崖錐の斜面を登り、第二 контрфорスの開始地点に到達する。次第に右へ移動し、顕著な稜線を目指す。大きなブロックのある内角の下に到達する。
| 区間 | 説明 | 写真番号 |
|---|---|---|
| R0–R1 | 平行した煙突に向かって角を登り、 распорで棚に上がる。フレンズに保険ポイントを設定。 | 写真8 |
| R1–R2 | 保険ポイントから少し左に下り、次に右上へと続く。大きな滑らかなプレートの下に到達し、石の「指」に保険ポイントを設定。 | 写真9 |
| R2–R3 | 内角を越えて歩きやすい地形に出る。次に контрфорсは細い稜線に変わり、大きな岩のジャンダルムがある。大きな石にフレンズとピトンで保険ポイントを設定。 | 写真10, 11 |
| R3–R4 | 保険ポイントから右へ10~12m進み、左下に нырять(雪がある場合は雪崩の危険があるため、必ず地形に保険をつける)。ジャンダルムの足元に保険ポイントを設定。 | 写真12 |
| R4–R5 | 左に進み、小さなクーロワールを横切り、「羊の額」に到達。草の生えた不明瞭な角の下に保険ポイントを設定。 | 写真13 |
| R5–R6 | 角を少し登り、プレートを直登し、大型ブロックの地形に出る。大きな岩壁の基部が見える斜面に出る。フレンズに保険ポイントを設定。 | 写真14 |
| R6–R7 | 最も論理的なルートを選んで大型ブロックの地形を登り、小さな棚に出る。次にブロックを登り、小さな壁の下に到達。フレンズに保険ポイントを設定。 | 写真15 |
| R7–R8 | 壁の角を越え、 itoを利用して数歩進み、棚に出る。全長に渡って進み、パートナーを確保。 | 写真16 |
| R8–R9 | 鍵となる区間。
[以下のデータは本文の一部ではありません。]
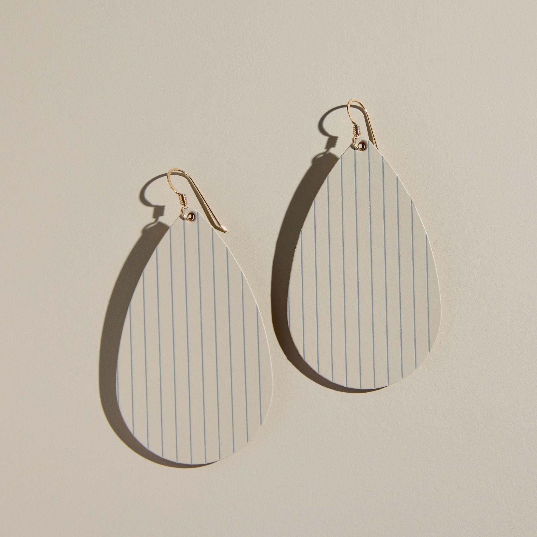 The Ecru Pinstripe Teardrop is a lightweight statement leather earring in our classic teardrop shape. These earrings are made with ecru leather with foiled gray pinstripes creating a bold statement style that adds a classic touch to any outfit.
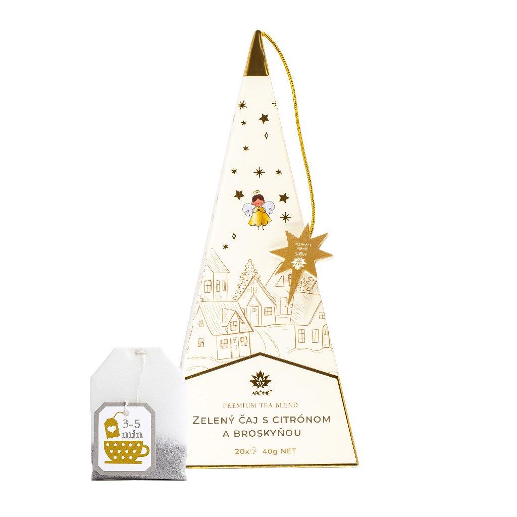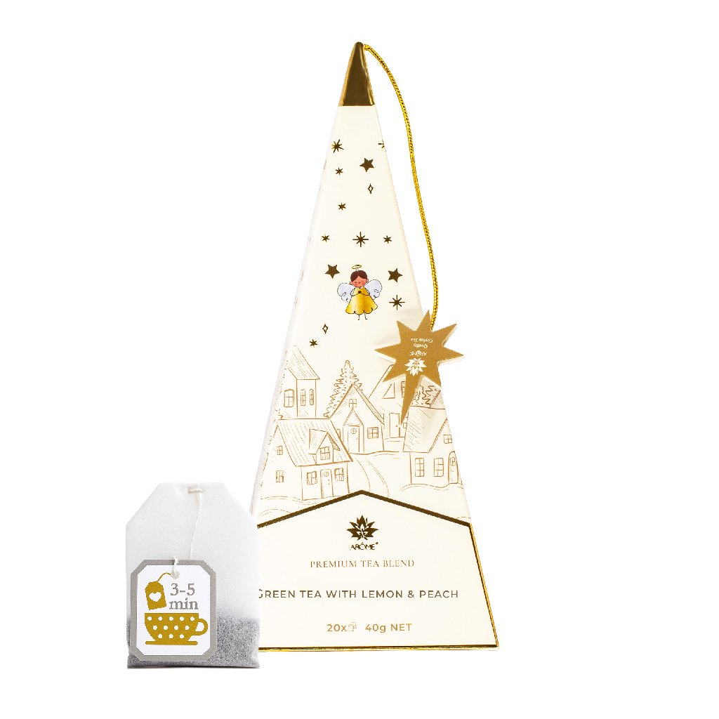 20 filteres teazacskó finom, citrommal és barackkal ízesített zöld teával töltve, gyönyörű, dizájnos, karácsonyi angyalmintás piramisba csomagolva.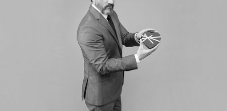 cropped senior businessman in suit hold heart present box on grey background, purchase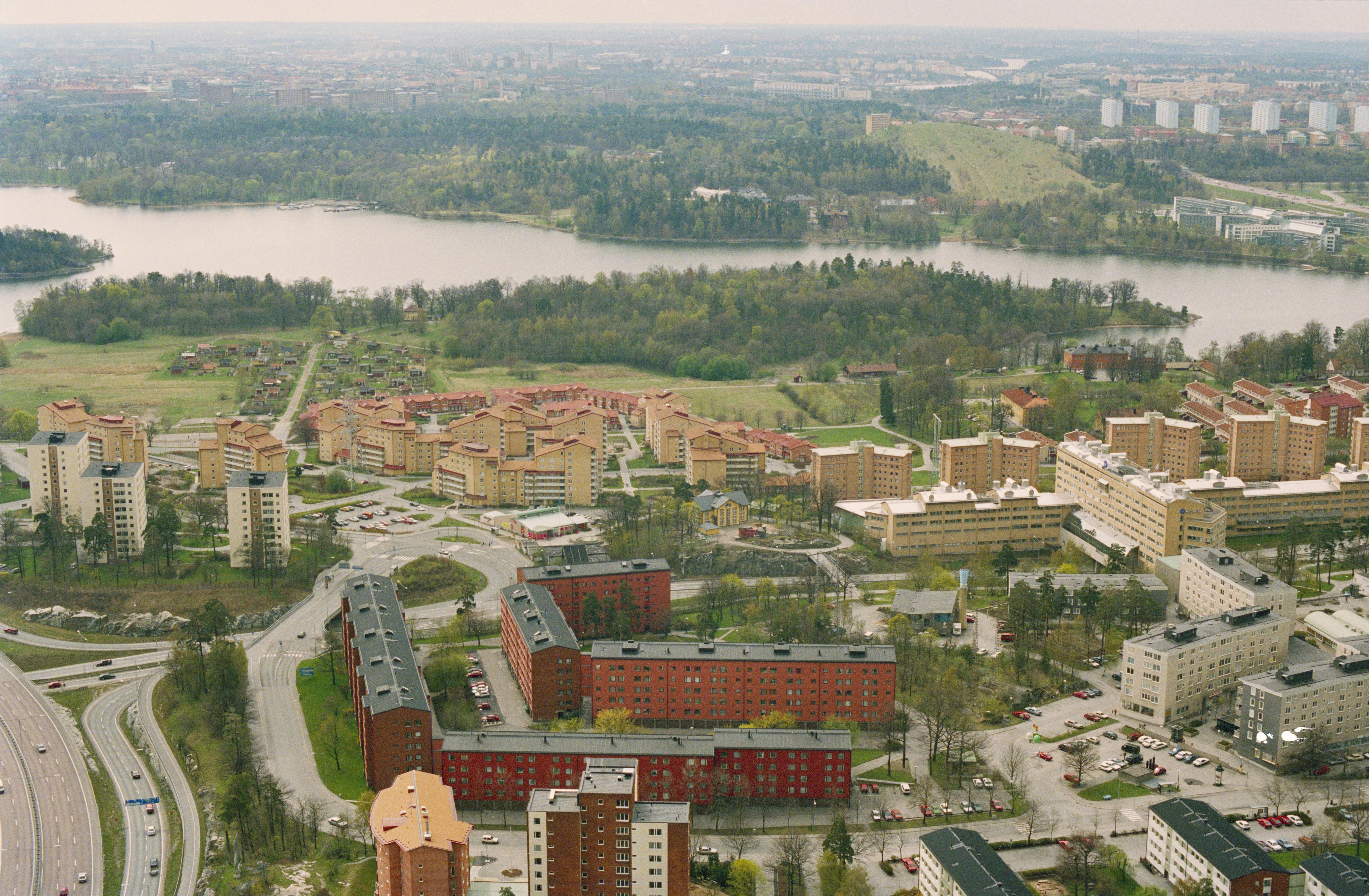Beskrivning: Stadsdelen Bergshamra i Solna vid Brunnsviken. Vid bildens mitt Tivoliudden och byggnaderna Statens Växtskyddsanstalt, på Pipersvägen. I bildens övre del Haga slott, Frösundavik och Stockholms stad. Bilden är tagen mot (väderstreck): S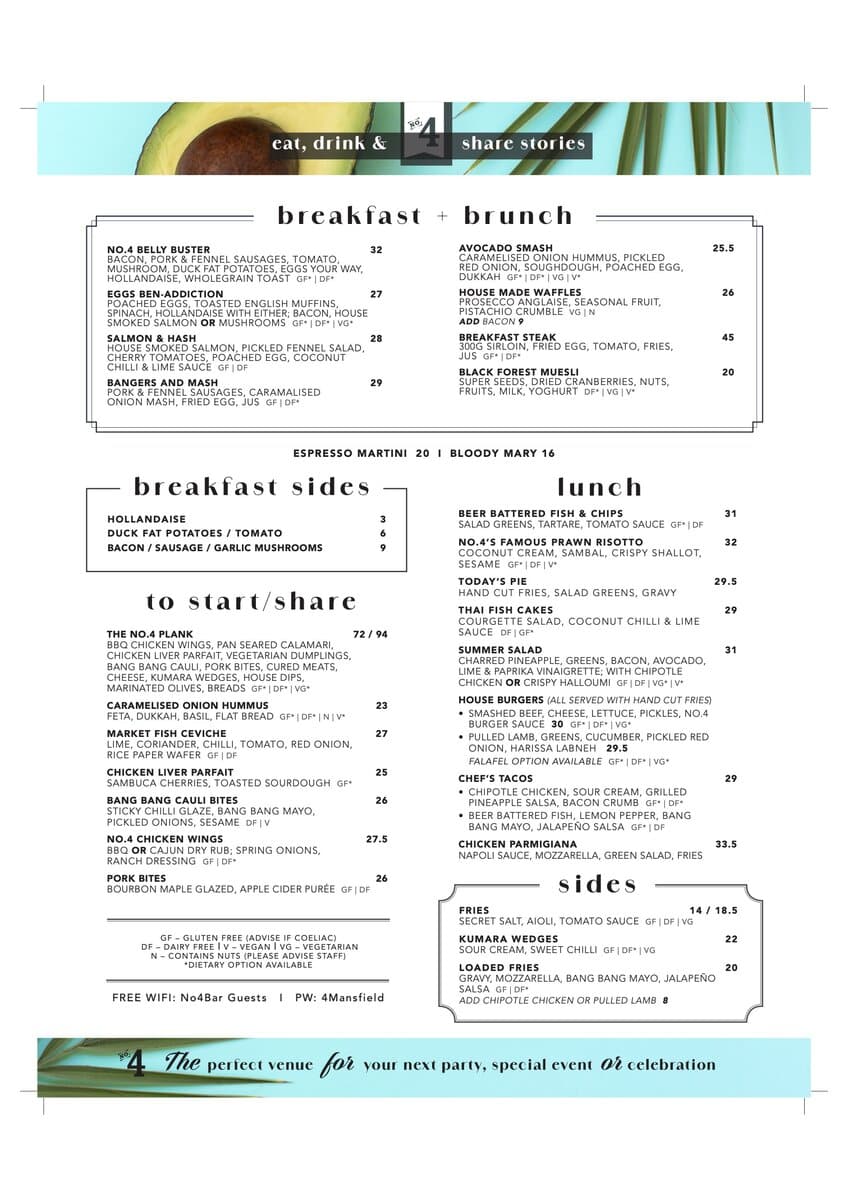 Great food. Exceptional service which catered to my multiple food allergies. Warm atmosphere. I would highly recommend No 4!More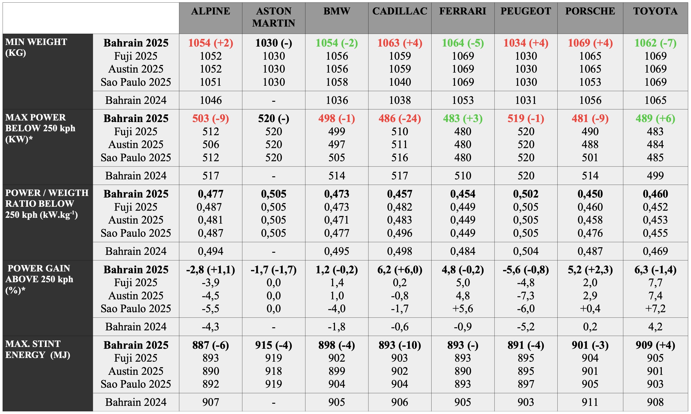 The biggest change since Fuji comes for Cadillac, which loses 24kW (32bhp) and gains 4kg. Porsche also suffers a drop in its power-to-weight ratio compared to Japan, whereas Ferrari and Toyota see slight improvements.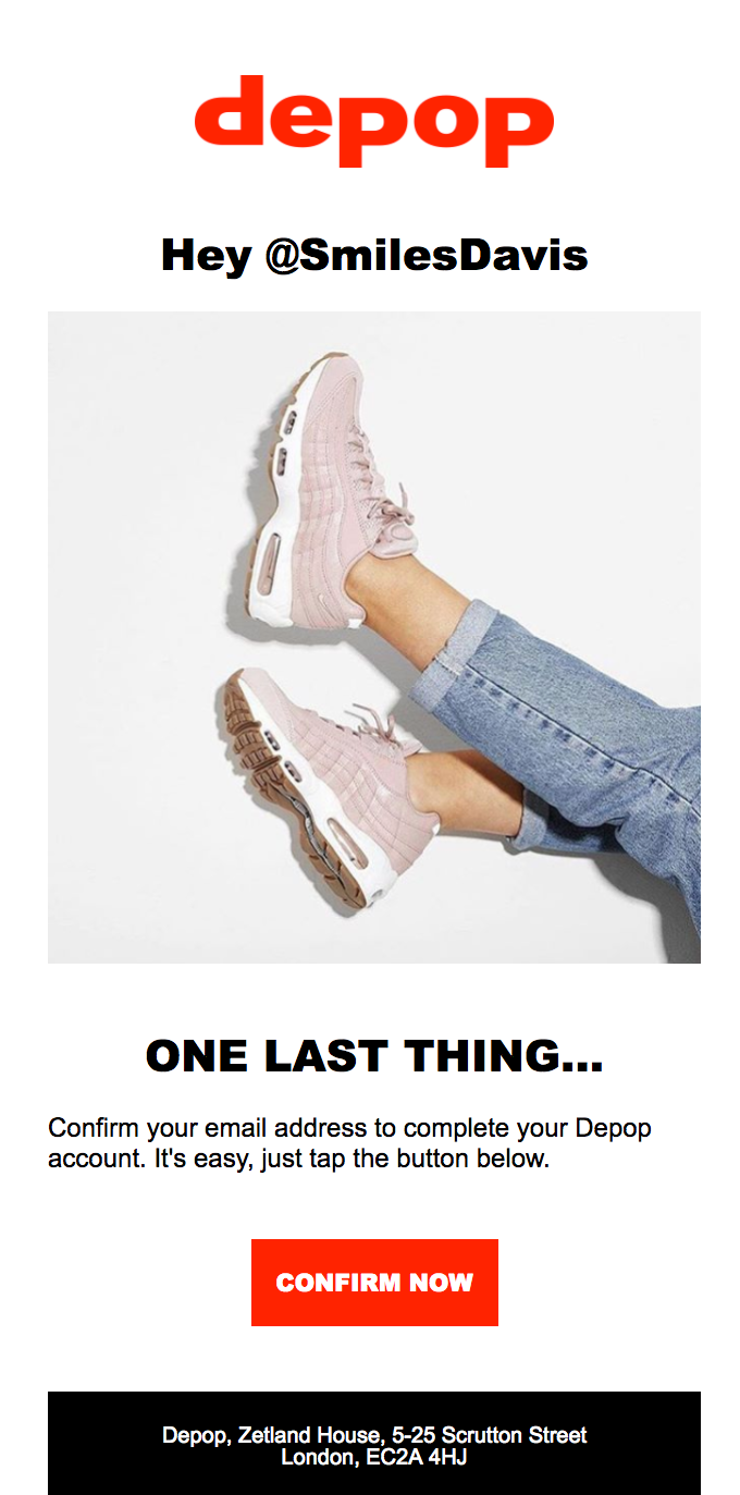 Vse več znamk od nas zahteva, da potrdimo svojo registracijo s klikom na povezavo v e-poštnem sporočilu. Razumljivo, tako se namreč izognejo napačno vpisanim e-mail naslovom, obenem pa si zagotovijo, da se registrirajo res le tisti, ki si to želijo. Znamka Depop se je odločila za pristop v slogu »manj je več« – preprosto sporočilo, ki doseže svoj cilj.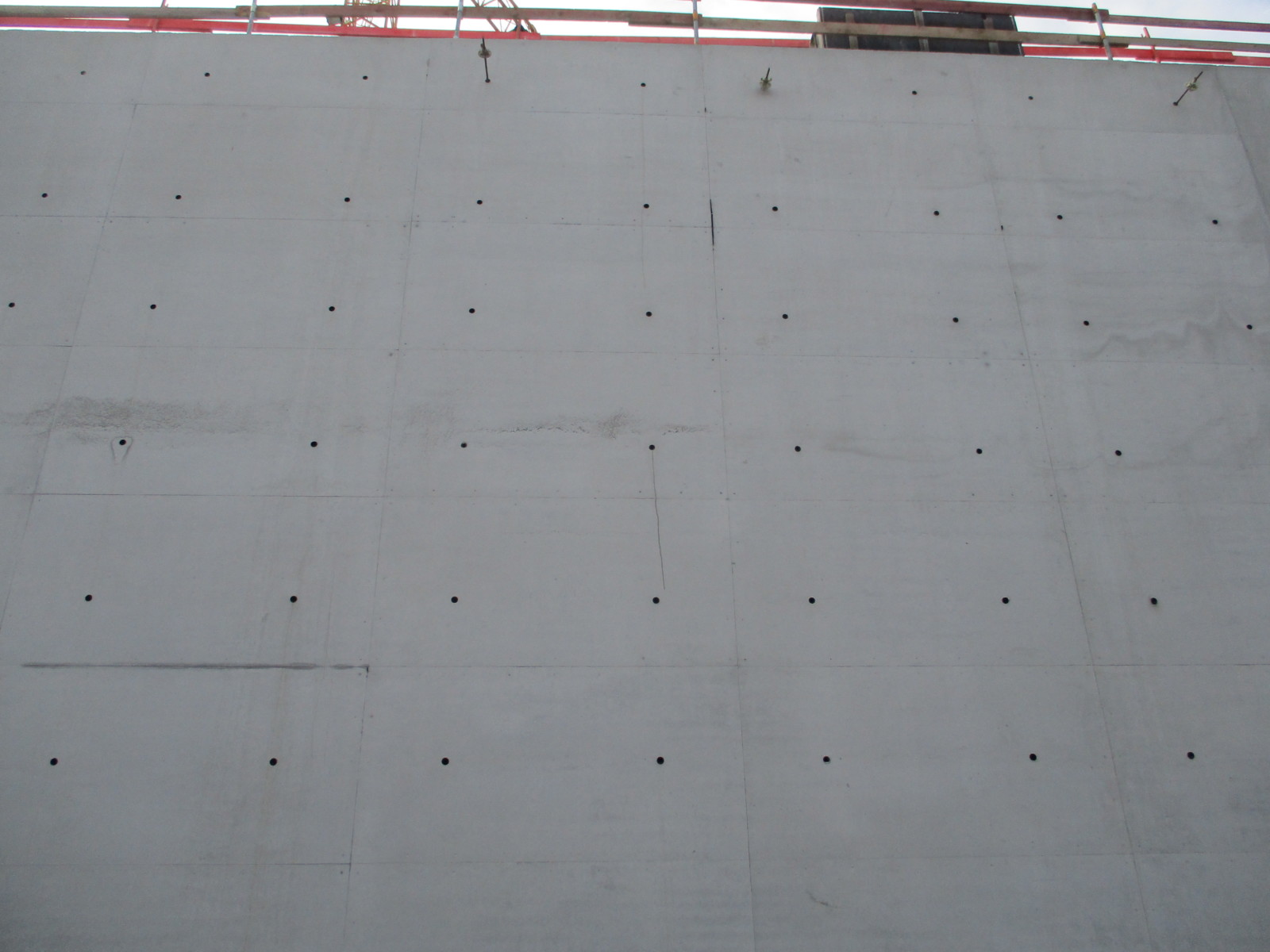 The hall‘s walls had to be poured following specific architectural finish specifications. Facing sheet was mounted on the panels on-site to achieve a special surface pattern on the concrete. Site management used the MEVA concrete pressure calculator to check the fresh-concrete pressure during concrete pouring at heights up to 11,50 m and to precisely determine the rate of pouring.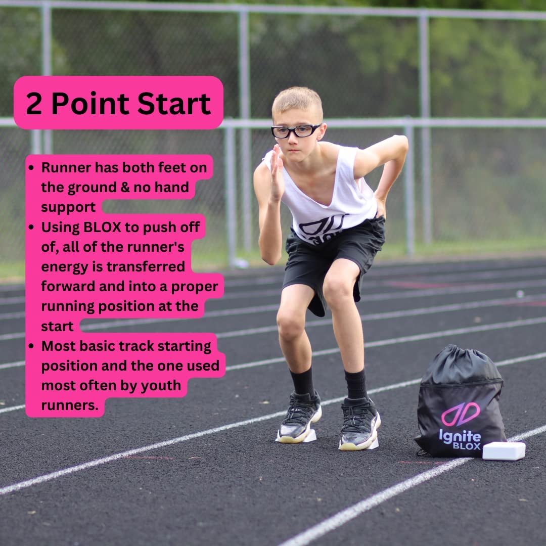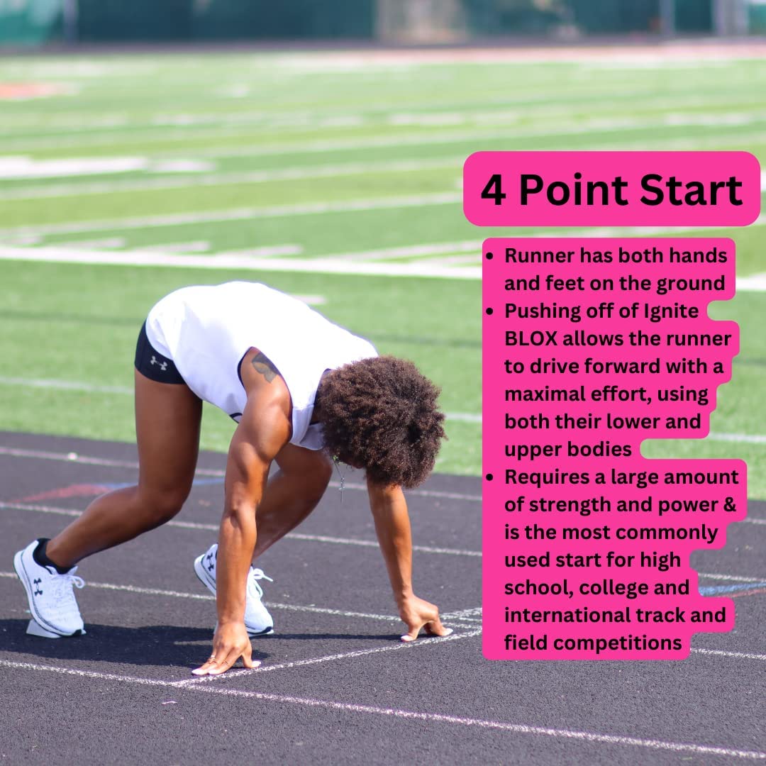 The world’s first and only portable track starting blocks are here! Experience Ignite BLOX - the lightweight, durable, portable, and affordable way to ignite your speed and agility training! Perfect for youth and adults, Ignite BLOX are the most revolutionary track & field accessories on the market. An essential piece of training equipment, Ignite BLOX is the premier speed and agility training block that allows you to “push off the starting line with power” without the hassle of lugging around traditional starting blocks! From football drills to youth speed training, outdoor track practice, or for personal training, Ignite BLOX help you master your 2 point start, 3 point start, and 4 point start stance, all the while assisting in the improvement of your 40 yard dash and sprint times. Refine your starting technique, get the most out of your track practice, improve your fast twitch muscle agility training, and get out of the blocks a step ahead with Ignite BLOX! Lightweight, compact, and ultra-portable, Ignite BLOX are not only easy to carry in your training bag or toss in your duffle on the way to practice, but they’re incredibly durable, too! Composed of long-lasting injection molded plastic, each pair of Ignite BLOX come complete with actual track spikes that can be inserted at a precise angle in the bottom surface, ensuring they dig into the outdoor track surface and slipping or unwanted movement is mitigated. Additionally, slipping off the top surface is never an issue, as a textured knurling finish is permanently molded into the blocks.

保険ポイントから左に下り、大きな内角の基部まで進む。緊張したクライミングが続き、保険が不十分な箇所がある。角を越え、小さな張り出しに出る。雪渓を少し登り、次の内角の基部に到達。フレンズとピトンに保険ポイントを設定(冬季は氷の中にフレンズ用の穴がある可能性があるため注意)。 | 写真17, 18 |
| R9–R10 | 角を登り、次)(雪の場合は雪の斜面に必ず地形に保険をつける)。雪原を進み、岩の出っ張りに保険ポイントを設定。 | 写真19 |
| R10–R11 | 右へ進み、大きなブロックの地形の開始地点まで続く。 | – |
| R11–R12 | 稜線を進み、大きなジャンダルムを右の「廊下」から越える。南の稜線に到達。 | 写真20, 21, 22 |
| R12–R13 | 峰に向かって稜線を進む。 | 写真23 |
3.2 区間の写真

写真8

写真9、区間R1–R2の終了、R2–R3の開始

写真10

写真11、区間R2–R3の終了、R3–R4の開始

写真12、区間R3–R4のルート図

写真13、区間R4–R5のルート図

写真14

写真15、R5–R6の終了地点からR6–R7を見る

写真16

写真17

写真18

写真19、区間R9–R10の開始

写真20

写真21

写真22、区間R11–R12、第二 контрфорс上部

写真23、稜線
3.3. 峰頂でのチームの写真

写真24 3.3. このルートの難易度は東サヤン山脈の類似ルートに相当する。ルートは安全で、地形はモノリithicで、保険は信頼できる。冬季、特に春季には雪原やクーロワールを進む際に地形への保険を確実に行う必要がある。ルート上の通信は安定している。冬季には2人用のアイスクライミングツールと猫が有効で、凍った кочкaで同時に作業できる箇所が多い。ツールとフィフは замёрзший кочкaでうまく機能する。
下山はウラゴル峰とペルミ峰の鞍部からクーロワールを下り、谷へ向かう。最初はクーロワールが左に曲がり、その後急に右に曲がる。この部分は雪で埋もれている可能性が高いため、そこには近づかない。進行方向に沿ってクーロワールの左側に少し登り、小さな尾根を通ってメインの広い下山用クーロワールに出る。
下山

写真25、偵察中に撮影。右がペルミ峰。